Le esatte parole di Patterson erano state: Bene, non siete ancora contento, con voi non serve l'etere. Non eseguirò, nemmeno se minaccerete di mettermi ai ferri, un'autopsia su un cadavere che è rimasto in mare per due anni e mezzo. E di seguito aveva parlato di ristagno di sangue, macchie, pelle che veniva via come una calza, macerazione e saponificazione.

«So che non ho alcun diritto di dirvelo, ma vi prego di non farlo. Non vi siete esercitato, non avete idea della difficoltà e delle reazioni del corpo. Io ho rischiato di morire, ve ne parlo con il senno, e se non fosse stato per la Sirena sarei un cadavere.»

Avery parve non aver ascoltato quando disse: «Verrete anche voi, suppongo. Dovremo essere in due a trasportarla. Ci servirà della tela cerata dove avvolgere i resti».

Kozlov si riservò la facoltà di tacere.

«Avete parlato con lei.»

«Capitano, non immaginate una conversazione. È una divinità e noi siamo chi esegue il suo volere. Lei ordinava e io obbedivo.»

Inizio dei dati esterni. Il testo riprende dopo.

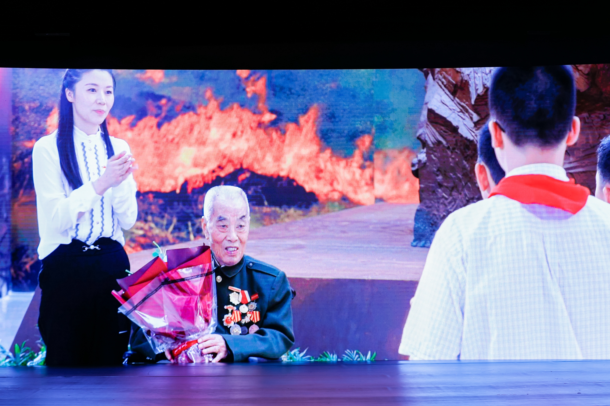 90多岁高龄的新四军老战士宋强为同学们讲述新四军战士们保家卫国的英勇故事

«Kozlov, ci siamo messi alle spalle la menzogna. So che siete un conversatore garbato, e altrettanto bene so che non siete incline a essere rivoltato come un guanto. La vostra è una rivolta silente, ma sempre di rivolta si tratta. Vi conosco nello stesso modo in cui conoscete me e i miei vizi. Di certo le avrete chiesto i motivi del rituale.»

«Mi ha parlato di cose che vorrei non sapere.» Il secondo ufficiale elencò il ciclo di distruzione e rinascita di cui la Sirena era fautrice, e aggiunse una considerazione che stupì Avery. «Ha qualcosa di umano nel modo in cui vi ama. E di deprecabile nel modo in cui vi vuole. Non si considera una divinità, o perlomeno, sa di essere una divinità schiava del ruolo. Me l'ha detto chiaramente. Canta per i sacrificati per evitare che le grida richiamino la gente che li potrebbe liberare, ed è qualcosa da condannare, e lo fa per consolarli.»

«È un'assassina. E voi non potete esimervi dal provare pietà per lei.»

Kozlov non rispose.

«Vi comprendo, Borya. La passione è un contagio.»